__EXERCISE__.
Each line from the first entry to the line with "Une mandala abstraite, aux", both included, is to be returned unchanged, with any pictures dropped.

[[ MATERIAL SHOWN, beginning ]]

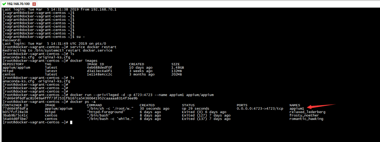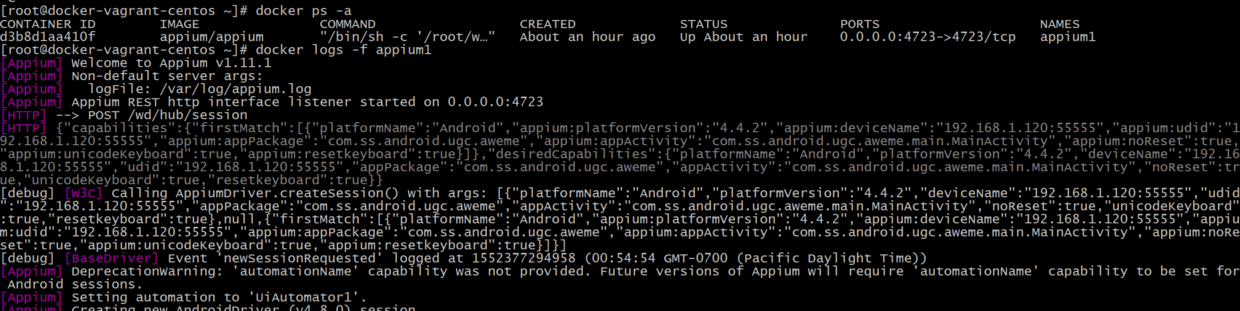 docker ps -a docker logs -f appium1
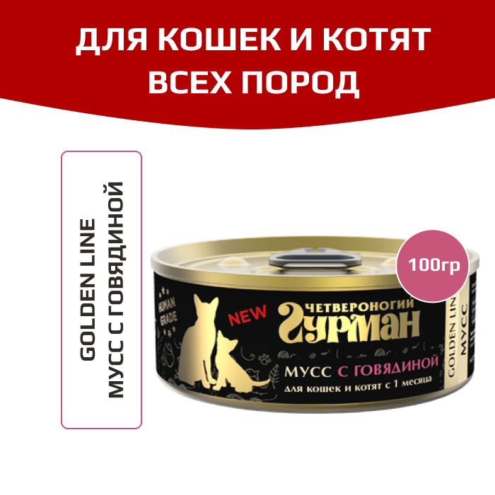 Четвероногий Гурман Golden line Мусс корм консервированный для котят и кошек мусс с говядиной.
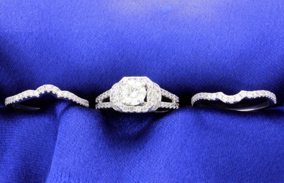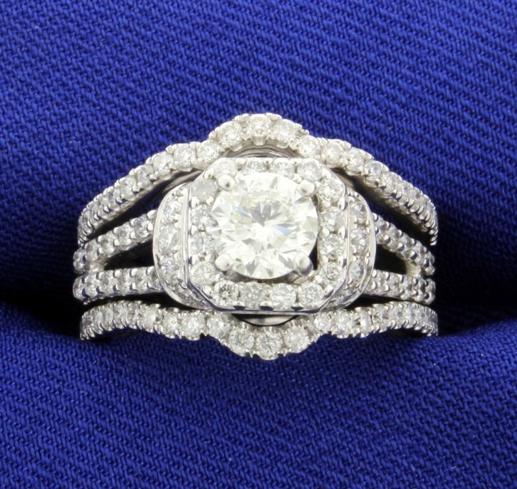 The center brilliant cut diamond is approx. 0.75 carats, clarity SI2-I1, and color J. There are 6 small diamonds set in the mounting and "halo". The clarity of the diamonds is SI and color H-I for total diamond weight of 0.75cts. There are 2 diamond shadow bands together total 1/2 carat. The size of the engagement is 6.25 and shadow bands are size 7. 8.0g
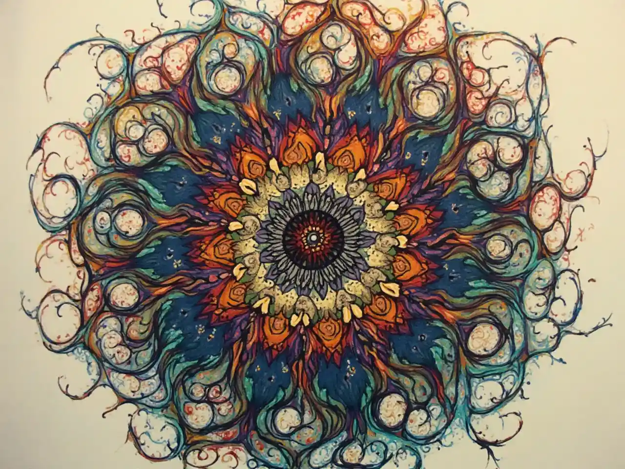Une mandala abstraite, aux tourbillons de couleurs et aux formes indéfinies.
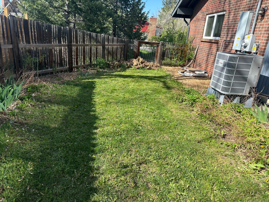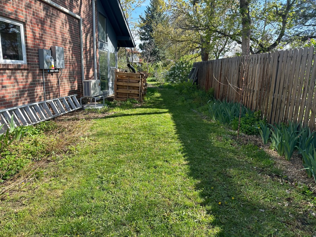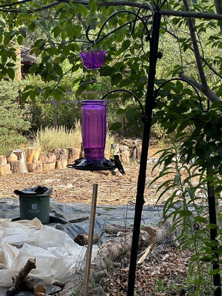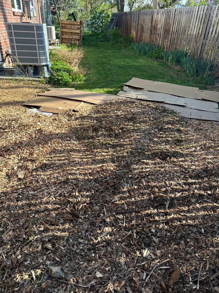 Sheet mulching and I have a happy relationship. I used it when I made the front yard 2023 habitat and rain garden (converting our old veggie garden to natives). It was a good choice for the second big area of turf removal to the west of our house (see the other purple polygon on the left of the image above). What this image doesn’t show is our western neighbor’s many large, tall cottonwood trees. In the morning, our house shades the side yard, and in the afternoon, the neighbor trees shade it. Solarization wasn’t an option; we only have a couple of hours of direct sun in that area and we just wouldn’t have the heat from the sun.

[[ MATERIAL SHOWN, end ]]

__SOLUTION TO THIS TASK__.
 docker ps -a docker logs -f appium1
 Четвероногий Гурман Golden line Мусс корм консервированный для котят и кошек мусс с говядиной.
 The center brilliant cut diamond is approx. 0.75 carats, clarity SI2-I1, and color J. There are 6 small diamonds set in the mounting and "halo". The clarity of the diamonds is SI and color H-I for total diamond weight of 0.75cts. There are 2 diamond shadow bands together total 1/2 carat. The size of the engagement is 6.25 and shadow bands are size 7. 8.0g
Une mandala abstraite, aux tourbillons de couleurs et aux formes indéfinies.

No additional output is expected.